The local council ran a service from a circulating white van to bring them hot coffee and contraceptives, some of which ended up in our front gardens, or in the gutter. A redoubtable neighbour of mine chased the prostitutes and their pimp away, but only to somewhere else in the city. She even confronted the pimp who pointed a gun at her. She told him not to be ridiculous and to put “that thing” away.
It has often been said that prostitution is the oldest profession and certainly no society has been able to do away with it entirely, as no society has ever been crime-free. This has suggested to some that it is pointless to try to do anything about it—as the Roman poet Horace said of nature, though you try to throw it out with a pitchfork, it will still return.
But in the circumstances, to do nothing is impossible: to do nothing is to do something, namely encourage it. But what should be done?
All kinds of approaches have been tried. In Sweden, for example, prostitution is not illegal for the prostitute, but for her client. Irrespective of the results of this, it is hypocritical, or at least inconsistent: it is like legalizing the production of fentanyl and then criminalizing its consumption.
In the Netherlands, there is a famous, or infamous, red-light district in Amsterdam. There, prostitution is tolerated, and it is said that violence towards prostitutes has declined as a result. But in what kind of society are women displayed as in shop windows, for potential customers to gape at as trout or crabs are sometimes kept in restaurants for diners to choose from? The women in question are often trafficked by people smugglers and are under the control of pimps, their lives at best those of indentured laborers, at worst those of slaves.
All this is done in the name of harm reduction; and of course such abuses, more hidden, are committed by criminals elsewhere, in other jurisdictions, under different laws. But is the quality of life made better by bringing out into daylight for everyone to see what was formerly hidden? Amsterdammers do not think so; and the red-light district of their city, which has the seal of semi-official approval, is one of the most melancholy sights in the civilized world that is known to me. Life cannot be lived entirely out in the open in the name of supposed honesty.
In Britain, prostitution is legal but soliciting for custom is not, which is both inconsistent and unrealistic. It leads to arbitrary enforcement of the law and obvious opportunities for police corruption. But outright prohibition does the same, insofar as complete suppression has been proved impracticable.
Nevertheless, the choice is not between a perfect solution and no solution at all. The idea of harm reduction brings harms of its own, sometimes intangible, but greater than those it is supposed to reduce.
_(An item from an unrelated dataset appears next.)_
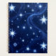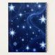 night sky filled with glowing stars and snowflakes in various sizes and styles. Set against a deep blue backdrop, the bright white and icy blue elements create a striking contrast. Wispy, wave-like light trails weave through the composition, adding motion and depth. The overall effect is magical and wintery—evoking a sense of wonder, serenity, and seasonal charm.

At the very least, we should not portray prostitution as in any way amusing or glamorous. I recall an adolescent girl of solid middle-class background, intelligent and normally destined for a successful career, who was dazzled by the supposed glamour and drama of the low life. She ran away from her comfortable home and soon fell in with two drug dealers. They imprisoned her and addicted her to heroin by forced injections, in the hope that they could turn her into a prostitute in return for heroin. One day, though, they killed her, or she killed herself, with too large a dose. They called a low-life lawyer for his advice, which was to dispose of her body in the local reservoir.
No, prostitution is not a glorious cycle of song.